Towards fabrication of high-performing organic photovoltaics: new donor-polymer, atomic layer deposited thin buffer layer and plasmonic effects

Using a novel polymer (polythienothiophene-co-benzodithiophenes 7 F-20) as a donor and phenyl-C71-butyric acid methyl ester as an acceptor of bulk heterojunction, inverted organic photovoltaics (OPVs) were fabricated. Wet-chemically prepared ZnO and poly(3,4-ethylenedioxythiophene):poly(styrenesulfonate) (PEDOT:PSS) were used as buffer layers. Particularly, for PEDOT:PSS deposition, no annealing step was employed.

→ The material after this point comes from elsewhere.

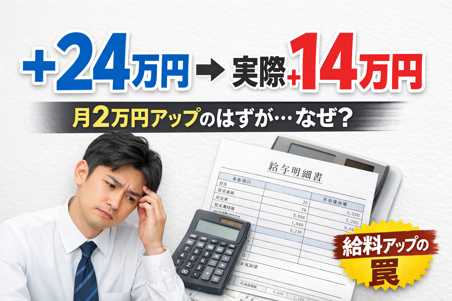 例えば、「月2万円アップ」と聞いて喜んだのに、年収は約15万円しか増えなかった・・・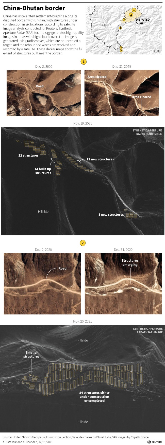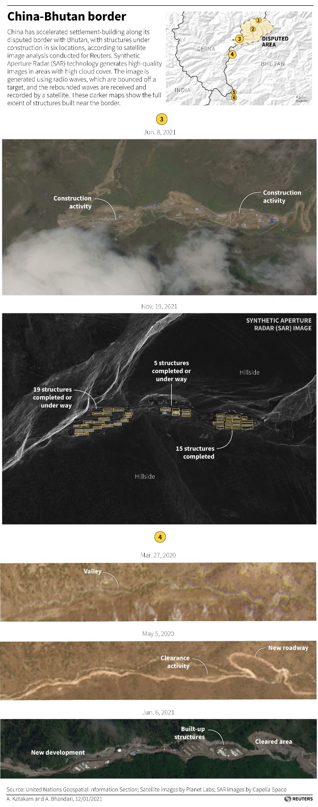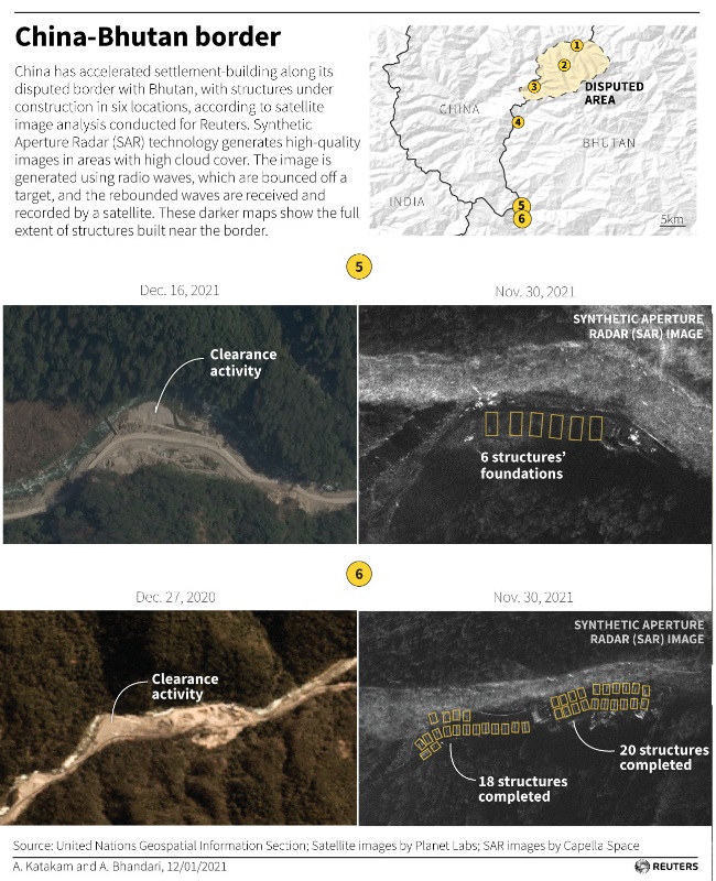 क्रिस बिगर्स (Chris Biggers) ने कहा कि तस्वीरों से साफ है कि साल 2021 से काम में तेजी आई है। पहले छोटे ढांचे बनाए गए थे (संभवतः निर्माण सामग्रियों और आपूर्ति के लिए) इसके बाद नींव रखी गई और फिर इमारतों का निर्माण किया गया। कैपेला स्पेस (Capella Space) द्वारा नए निर्माण के स्थानों और हाल ही में ली गई उपग्रह छवियों का अध्ययन करने वाले दो अन्य विशेषज्ञों ने कहा कि सभी छह बस्तियां चीन और भूटान द्वारा विवादित क्षेत्र में प्रतीत होती हैं। इसमें लगभग 110 वर्ग किलोमीटर का एक विवादित क्षेत्र भी शामिल है। इस इलाके में आबादी न के बराबर है।

This inverted OPV showed a power conversion efficiency (PCE) of ∼7.0%, which is comparable to the hitherto reported highest efficiency of the inverted OPV with vacuum-deposited MoO3 as hole-collecting buffer layers without plasmonic enhancements. Incorporation of Au nanoparticles into PEDOT:PSS was performed for plasmonic enhancement of the electromagnetic field, whereas ZnO thin layers were deposited on ZnO using atomic layer deposition for quenching electron–hole recombination at surface defects of ZnO ripples. These additional treatments could be used for improving the performance of OPV, which ultimately resulted in a PCE of 7.9%.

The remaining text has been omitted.